Rome: Rescuers have found no more survivors from the shipwreck of a boat in which 400 migrants are believed to have drowned, the Italian coastguard said Wednesday.

The vessel capsized off the Libyan coast on Sunday, with survivors who were brought to Italy telling charity workers that as many as 400 others perished.

Italian coastguards, who intercepted 42 boats on Sunday and Monday alone carrying 6,500 migrants attempting to make the hazardous crossing to Europe, confirmed they had saved 145 people from the sunken boat and found nine bodies.

The International Organisation for Migration and the charity Save the Children said that 150 survivors of a shipwreck had arrived on Tuesday morning in the southern Italian port of Reggio Calabria, but they were as yet unsure whether they were from the same boat coastguards said had sunk.

Coastguard spokesman Commander Filippo Marini said that they had not found any more “survivors or anything else which would indicate more victims”.

He said he could not exclude that more lives had been lost, and said the kind of vessel from which the 145 people were rescued usually carried many more people.

Search operations were continuing Wednesday as part of ongoing naval and coastguard patrols in the area.

“There were 400 victims in this shipwreck, which occurred 24 hours after (their vessel) left the Libyan coast,” Save the Children said in a statement, citing survivors.

“There were several young males, probably minors, among the victims” and also children among those rescued, the international NGO said.

IOM spokesman in Italy Flavio Di Giacomo said several of the survivors had told his organisation there were between 500 and 550 people on board when the ship sank.

“We are continuing to investigate in order to understand how the shipwreck happened,” Di Giacomo said.

Initial investigations indicate the boat may have capsized after passengers started moving when they saw the Italian rescue team.

The latest tragedy came as Italian authorities said around 8,500 migrants had been rescued at sea between Friday and Monday, reigniting a debate in Italy about whether the country has a duty to house all new arrivals.

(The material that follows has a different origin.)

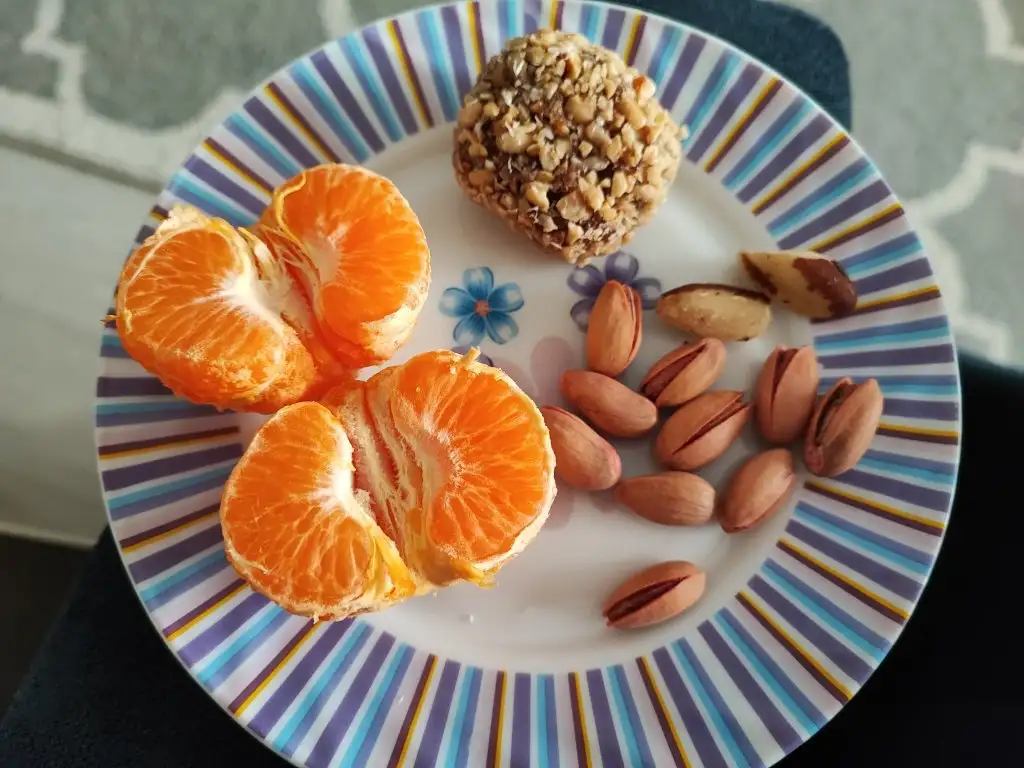 1 mandalina, 1 fındık ezmeli hurma topu, 10 Siirt fıstığı, 2 Brezilya cevizi

Recent good weather in the Mediterranean has prompted a spike in the number of migrants attempting to reach Italy aboard boats.

An increasingly violent and chaotic situation in Libya, a key jumping off point for migrants, has also helped prompt the hike in asylum seekers trying to make it to Europe.

Italian authorities say more than 15,000 migrants have arrived so far in 2015. There were 15,000 in April alone last year and an average of 25,000 each month between June and September.

Italy’s interior ministry has ordered regional prefects to find emergency housing for 6,500 migrants — a move condemned by the opposition, which argues the policy of rescuing immigrants encourages others to attempt the risky sea journey.

Matteo Salvini, head of the anti-immigrant Northern League, on Tuesday urged local officials not to cooperate.

“I ask the League’s governors, mayors, assessors and councillors to say no, with every means, to every new arrival. The League is ready to occupy every hotel, hostel, school or barracks intended for the alleged refugees,” Salvini said on Facebook.

With summer approaching — and more than 500,000 people waiting to set out from Libya for Europe according to EU border agency Frontex — aid groups are warning Rome is not prepared to deal with the next wave of arrivals.

Greece said Tuesday it was planning to set up reception centres on the mainland to deal with an influx of migrants arriving on its islands.

The decision at an emergency cabinet meeting chaired by Prime Minister Alexis Tsipras came after more than 700 migrants and refugees, mainly Syrians and Africans, arrived in Greece between Friday and Tuesday.

Meanwhile, Frontex on Tuesday said human traffickers had fired shots into the air to recover a vessel that had been used to transport migrants across the Mediterranean.

The incident happened on Monday when an Icelandic coastguard vessel was rescuing 250 people from a wooden boat some 60 nautical miles off Libya.

It was the second such incident this year after the Italian coastguard was confronted by armed traffickers in February, who ordered a boat be handed over once the rescue operation was complete.

People smuggling remains a lucrative business, with refugees and migrants rescued in the Mediterranean in February saying they paid $500-$1,000 (Dh1,837-Dh3,673) for their crossing.